From The Ladies Companion (London: 1751) fifth edition with large additions, Vol. II pp. 383-4. Source: Ivan Day's blog Food History Jottings.


Date: Wednesday, 29 January 2014
Time: 19:00
Venue:  Delfina Foundation

To complement the exhibition and residencies that form part of The Politics of Food, Delfina Foundation hosts Subtleties and Warnings: Power and the Edible Grotesque with resident artist Candice Lin.

Resident artist Candice Lin’s ten-course banquet will present a contemporary take on the medieval edible sculptures known as subtleties — fantastical, bizarre, or illusionistic foods — and warnings, a specific kind of sugar-based subtlety.
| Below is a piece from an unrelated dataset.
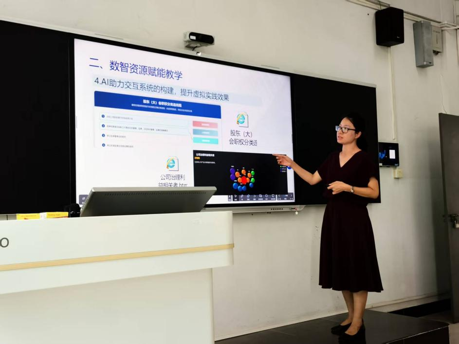 会上,潘思宇老师结合所授课程《公司治理》,围绕数智化内容融入、工具适配与能力落地等方面与老师展开深入研讨。潘思宇老师汇报聚焦广州工商学院《公司治理》课程数智化建设,先阐述建设背景:一是数字经济发展需求,受政策法规迭代、产业跨界融合等驱动;二是新文科建设要求,需跨学科知识融合、技术赋能教育转型及创新能力培养;三是传统教学存在知识迭代滞后、课堂互动受限等痛点。接着介绍育人创新设计:教育思想上,以“用心(HEART)5步法”结合加涅“九段”教学程序,贯穿课前课后;资源建设上,打造含78个线上视频、102个非视频资源等的资源库,构建知识图谱与AI助教知识库;在混合式教学上,分课前、课中、课后阶段,结合线上资源与线下活动,搭配多元考核方式。最后说明数智化实施路径:先整合智能教学资源,覆盖9个章节,融入思政元素,开展混合式活动,构建280余个知识点的知识图谱,同步206条AI助教知识库;再以数智资源赋能教学,借助知识图谱、AI助教辅助学习与学情分析,用AI生成多元内容、构建交互系统、打造数字人及微课;还构建动态评价体系,总成绩由各占50%的过程性与终结性考核构成,过程性评价含课堂表现等多维度。

In the middle ages, kings would commission elaborate tableaus to impress and intimidate allies, evoking wonder, awe, disgust, and fear through the ingenious dishes served: mythical beasts — unicorns, cockentrice, and other chimera, fashioned by sewing various animals together; pastries sculpted into ships, castles, and stags; edible foods made to appear rotten and cooked foods made to appear raw; and sugar figurines in the shape of political enemies.

Drawing on Tudor courts, vernacular Chinese cookery, and books and films including Satyricon, The Baron in the Trees, and Snow White and the Seven Dwarfs, Lin will stage a feast of discrepant bodies, dysmorphic forms, and warnings — all of them good to eat.